The creation of Old Norse Texts and Digitised Images with Morphological Analyser in an Integrated Reading Environment is a landmark achievement and the culmination of 35 months work by CHLT partners working together to produce a fully integrated system. CHLT has made available on the web (i) images of rare and fragile texts alongside (ii) TEI tagged texts (diplomatic and normalised) in XML with (iii) morphological analysis tools within (iv) a digital library environment (cf. www.CHLT.org and www.perseus.tufts.edu).
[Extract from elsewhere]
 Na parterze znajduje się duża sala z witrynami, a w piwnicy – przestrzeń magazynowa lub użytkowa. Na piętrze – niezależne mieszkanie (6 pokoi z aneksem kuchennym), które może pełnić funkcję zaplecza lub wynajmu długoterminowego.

The morphological analyser is linked to diplomatic and normalised editions of the manuscripts (as well as the Standard Edition texts of the Fornaldar Sagas) which in turn are linked to images of the manuscript pages, and integrated into the CHLT-Perseus Digital Library System, where we have incorporated the morphological analyser and look-up tool; we have also integrated the CHLT Visualisation and Clustering Tool with our Old Norse Texts and Tools. The results of our work breakdown into five sections: (i) Underlying Code - morpho-syntactic parser is 'object oriented' so that the rules set for Old Norse take the form of 'modules' (not hard coded); (ii) Rules - precise for word classes; (iii) Phenomena - strategies for dealing with phenomena unique to Old Norse that increase parser accuracy; (iv) Transcription Guidelines, and (v) Future Work - that builds on CHLT results in National Science Foundation Project.
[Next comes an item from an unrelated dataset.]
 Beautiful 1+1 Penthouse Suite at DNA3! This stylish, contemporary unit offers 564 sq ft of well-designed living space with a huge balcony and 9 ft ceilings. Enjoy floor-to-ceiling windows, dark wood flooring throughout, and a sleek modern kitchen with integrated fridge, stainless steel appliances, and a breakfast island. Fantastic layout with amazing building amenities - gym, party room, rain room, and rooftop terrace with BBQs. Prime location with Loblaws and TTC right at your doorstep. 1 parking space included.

CHLT has developed a collaborative infrastructure for a distributed cultural heritage library that allows metadata sharing between two digital collections at different CHLT sites, and has extended this model to a fully functional general metadata-sharing model for external partners. CHLT has taken up the challenge of integrating and implementing FRBR standards to all of the CHLT and Perseus catalogue material so that we can now share metadata with existing digital collections around the world, including the Library of Congress and OCLC, and are therefore not limited to sharing only with CHLT partners (as was originally envisioned at the start of the project). Adoption of FRBR has allowed us not only to link to international collections but also to get involved with the harmonisation efforts between the CIDOC CRM ISO 21137 Special Interest Group and the IFLA FRBR Special Interest Group. Classical texts are available in many forms: editions, translations, and manuscripts. As a result, collections of cultural heritage works are a good test-bed for implementation of IFLA FRBR. After updating the CHLT catalogue information in FRBR for core collections, we were able to harvest metadata from the Library of Congress and OCLC's WorldCat and make use of the LC's search/retrieval web service (SRW) gateway using Z39.50; we then organised documents in our collection into FRBR categories and created a new CHLT Catalogue Database. The challenge of visualisation, display, and sharing the catalogue was addressed by introducing three interface modes: a web-based catalogue system; a Classical Text server protocol; and a web-standards approach using OAI and the emerging SRU/W protocol (these systems allowed for the distribution of catalogue records in a Z39.50-type interface). As these standards become more widely implemented we expect that CHLT material will be ever more available for metadata sharing on an international scale.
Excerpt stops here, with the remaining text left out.